Pocos días después, Munich RE calculaba inicialmente el coste del siniestro en alrededor de 1.500 millones de euros antes de impuestos, pero también se mostraba cauta con este primer balance. Lo que sí tenían claro los responsables de esta reaseguradora es que ya no podrán cumplir el objetivo de beneficios, establecido para 2011 en 2.400 millones. El impacto de la catástrofe sobre las cuentas de Hannover Rück se sitúa en principio en torno a 250 millones de euros antes de impuestos.

MAGNITUD INUSUAL

Japón ha tenido que hacer frente a una avalancha de problemas desde que ocurrió este seísmo de una magnitud inusual: 8,9 en la escala de Richter, que desplazó 2,4 metros el archipiélago nipón y cambió el eje del planeta en 10 centímetros.

El temblor -catalogado como el mayor en Japón en los últimos 140 años y el quinto más fuerte en el mundo, según los sismólogos- se produjo el 11 de marzo, a las 14.46 hora local (05.46 hora española), con epicentro en el océano Pacífico, a 130 kilómetros de la costa de la provincia oriental de Miyagi y a una profundidad de 20 kilómetros.

Media hora después, se produjo un segundo terremoto, esta vez con una intensidad de 7,4 grados en la misma escala y localizado al sur del primero. En días sucesivos llegaron a contabilizarse más de 200 réplicas, alguna de ellas de una magnitud nada desdeñable de 6,3 grados.

La sacudida del fondo del mar provocó un tsunami, una gran ola de 10 metros de alto que, a 500 kilómetros por hora, se adentró 15 kilómetros en tierra, llevándose por delante todo lo que encontraba a su paso: viviendas, barcos, automóviles ...

ALARMA NUCLEAR

Pero las noticias más alarmantes conciernen a la central nuclear Daiichi de Fukushima, situada a 220 kilómetros de Tokio, que no pudo soportar la fuerza del terremoto ni la embestida del tsunami, resultando dañados sus reactores, especialmente el número dos, con el núcleo y vasija de contención afectados.

El accidente ha puesto sobre la mesa la seguridad de estas plantas y el debate ha llegado a Europa, donde algunos países con fuerte tradición nuclear se están replanteando sus planes en esta materia.

En su reunión celebrada los días 22 y 23 de marzo en Helsinki (Finlandia), la Asociación de Autoridades Reguladoras de Seguridad Nuclear de Europa Occidental (WENRA) ha concretado cómo se llevarán a cabo las revisiones de la seguridad y los análisis de riesgos (denominados stress tests, o pruebas de resistencia) de las centrales nucleares europeas.

WENRA ha definido los denominados stress tests como una reevaluación de los márgenes de seguridad en las centrales existentes, considerando las circunstancias del accidente en Fukushima.

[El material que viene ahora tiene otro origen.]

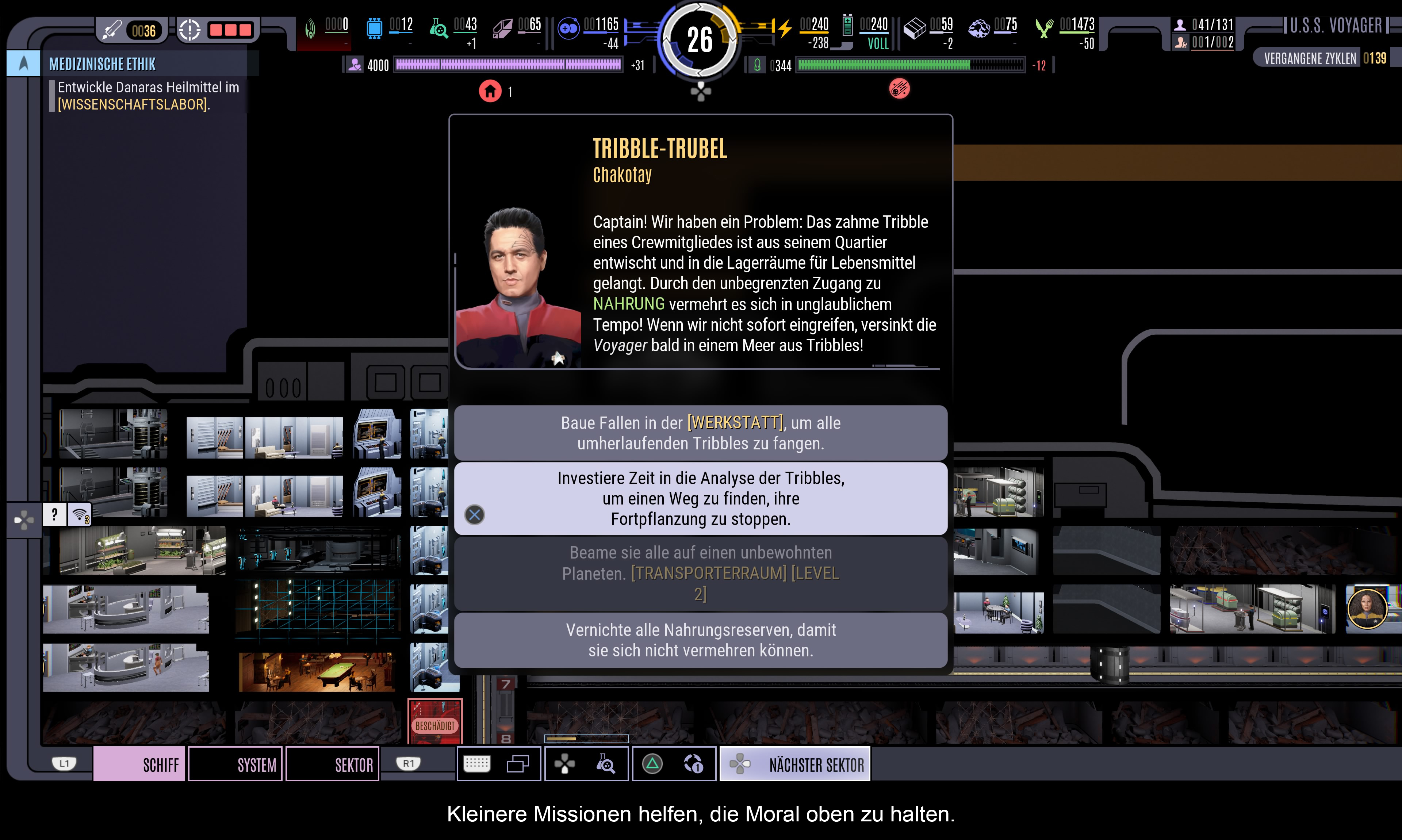 Star Trek: Voyager – Across the Unknown ist ein roher Diamant. An allen Ecken merkt man, dass es von einem unerfahrenen Team erstellt wurde. Der Schwierigkeitsgrad schwankt stark, die Mechaniken sind teils schlecht erklärt und die Präsentation ist mager. Doch schleift man diese Ecken ab, tritt ein unterhaltsames Spiel zutage. Die Entscheidung, die Rahmenhandlung der Voyager mit Roguelike-Elementen im Stile von FTL zu verbinden, war hervorragend. Das Team versteht den Kern der Serie und integriert viele der besten Episoden als Haupt und Nebenmissionen. Auch das man alternative Wege und Lösungen abseits der Serie bietet sorgt für interessante Gameplay Elemente. So habe ich den Doktor gegen Erster getauscht, was zahlreiche Außenmissionen leichter machte. Für meinen nächsten Durchgang überlege ich abseits des Kanons zu wandern und die Oberste Direktive zu ignorieren. Dürfte ein interessantes Experiment werden. Daher kann ich ruhiges Herzen eine Empfehlung für Fans aussprechen aber auch für Taktiker einen Blick wert – aber es hilft deutlich, ein Trekkie zu sein!
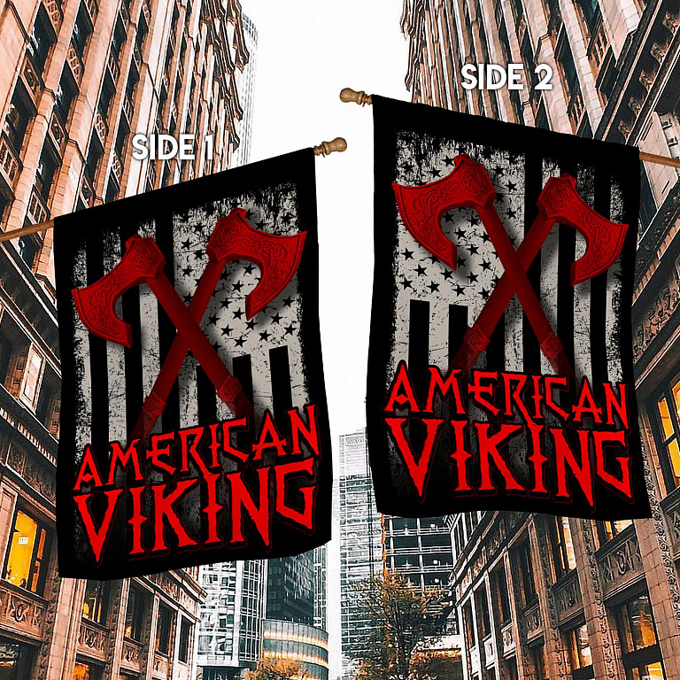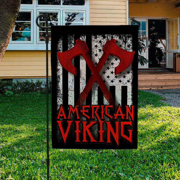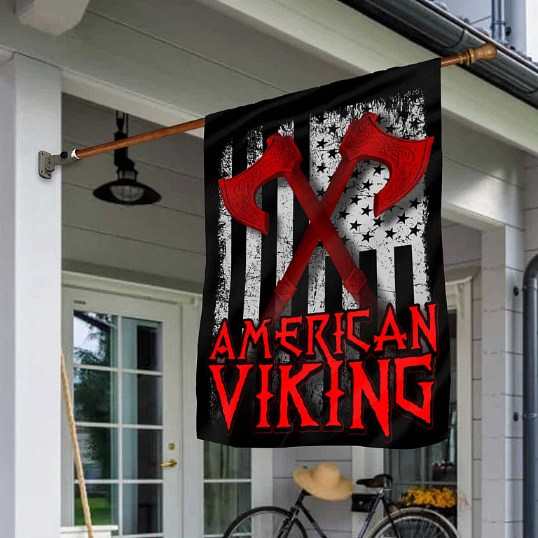 Let’s Shop American Viking With Axe Garden Flag – Viking American Flag House Flag!
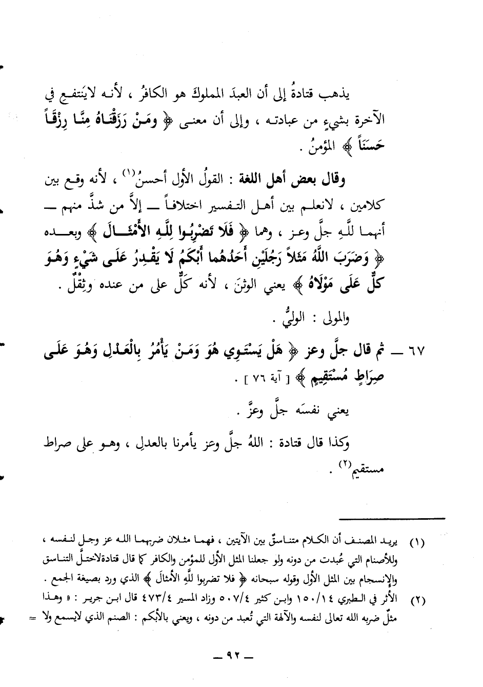 كلامين لا نعلم بين أهل التفسير اختلافا إلا من شذ منهم انهما لله جل وعز وهما فلا تضربوا لله الأمثال وبعده وضرب الله مثلا رجلين أحدهما أبكم لا يقدر على شئ وهو كل على مولاه يعني الوثن لأنه كل على من عنده وثقل والمولى الولي 67 - ثم قال جل وعز هل يستوي هو ومن يأمر بالعدل وهو على صراط مستقيم يعني نفسه جل وعز وكذا قال قتادة الله جل وعز يأمرنا بالعدل وهو على صراط مستقيم
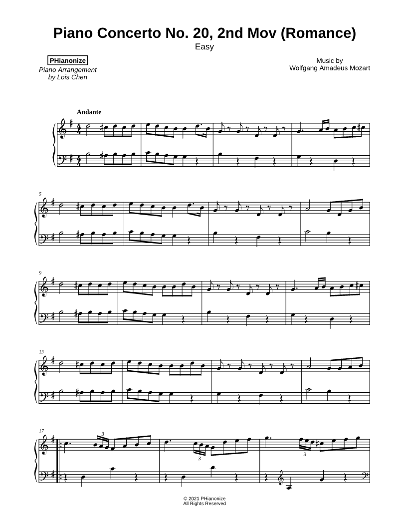 Piano Concerto No. 20 in D Minor, K. 466: II. Romance [easy] |
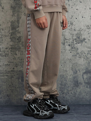 ORI2405010 oversized sweatpants in 380g 100% cotton knit, featuring water-washed retro letter prints and embroidery—perfect for vintage-inspired streetwear collections.
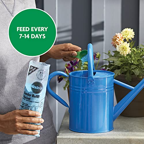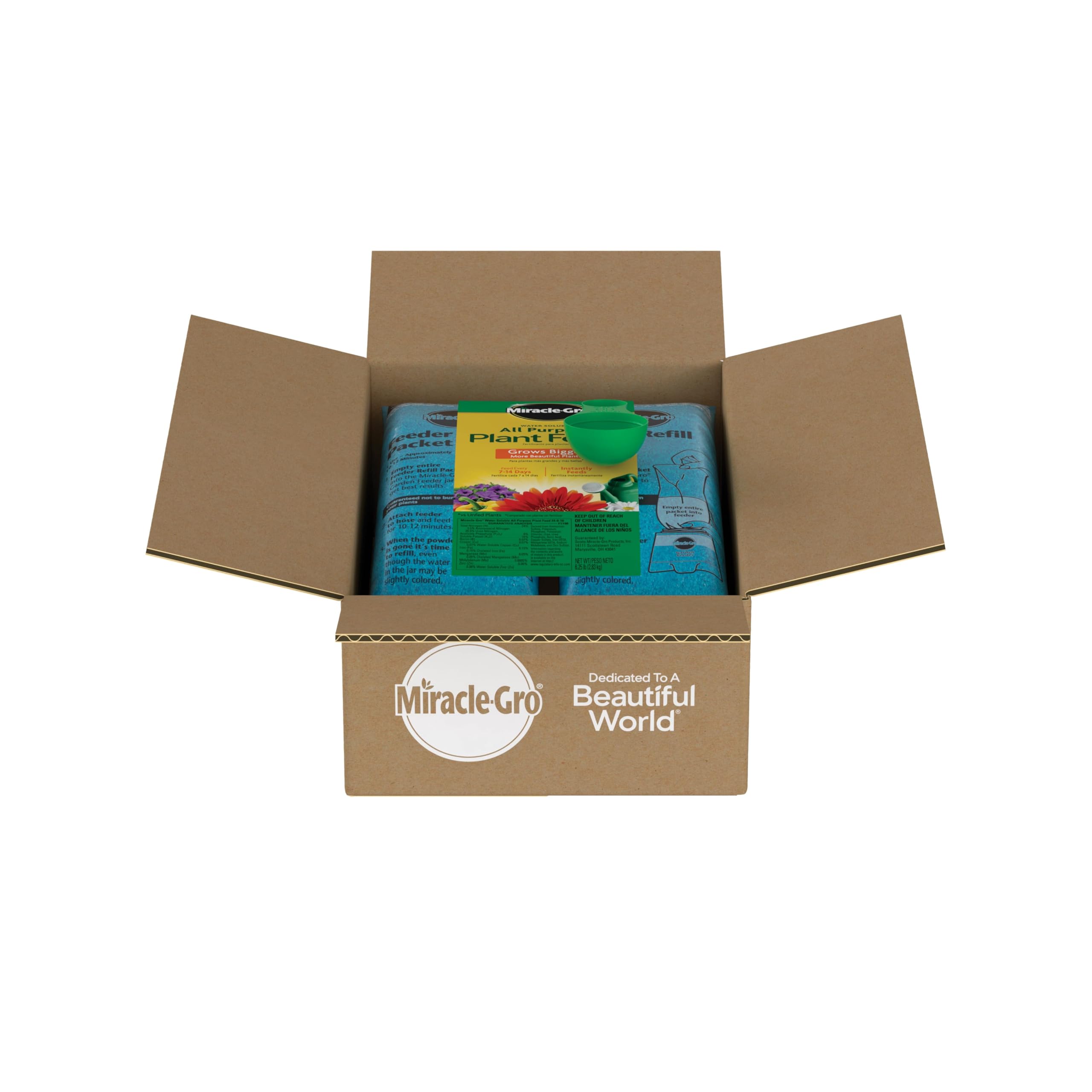 Grow bigger and more beautiful plants with Miracle-Gro® Water Soluble All Purpose Plant Food (vs unfed plants). This gardening product feeds plants instantly. In addition, it's safe for all plants and won't burn plants when used as directed. Use with all types of indoor or outdoor plants, including flowers, vegetables, houseplants, roses, trees, and shrubs. This plant food may be used with container plants or in-ground gardens. To apply to indoor plants, use the small end of the included scoop (1/2 tsp) and mix plant food with 1 gallon of water in a watering can. Reapply every 2 weeks. For outdoor plants, use the large end of the included scoop (1 1/2 tbsp) and mix with 1 1/2 gallons of water in a watering can. Reapply every 7 to 14 days. When using in large garden areas, fill a Miracle-Gro® Garden Feeder (sold separately) and follow feeder directions. For best results, just soak the soil at the base of each plant to fertilize the roots. One 6.25 lb. container of Miracle-Gro® Water Soluble All Purpose Plant Food feeds approximately 2,500 sq. ft. of garden area.
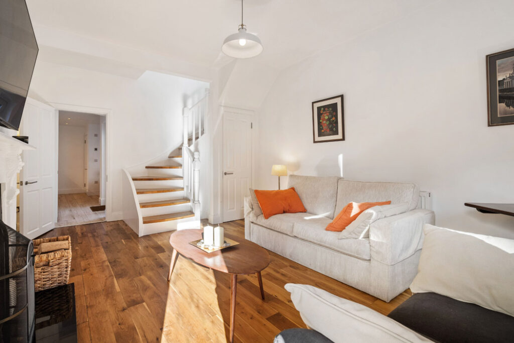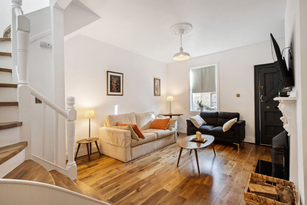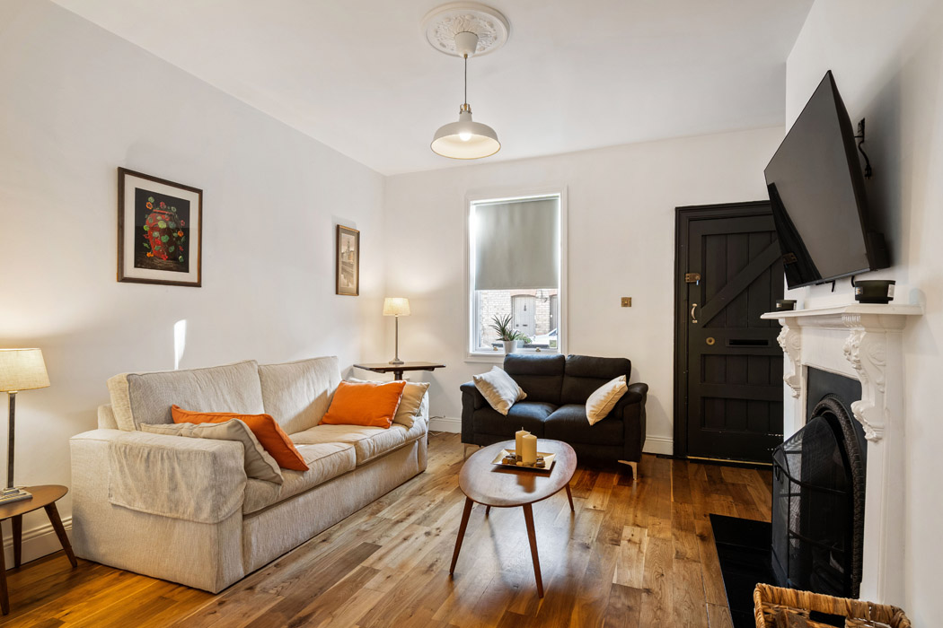 This two-up, two-down brick-fronted terrace house is a quiet cul-de-sac just off Blackpitts.

Estas evaluaciones permitirán analizar el comportamiento de las plantas nucleares ante una serie de situaciones extremas que pudieran poner en riesgo su seguridad.

Los plazos contemplados en la propuesta (a partir de la aprobación de la misma) son de 6 meses para que las centrales nucleares completen las revisiones y de 3 meses para la evaluación por parte de los reguladores. En este sentido, WENRA ha creado un grupo de trabajo para precisar en un documento el alcance y el contenido de las pruebas de resistencia. Este documento será elaborado a lo largo de las próximas semanas.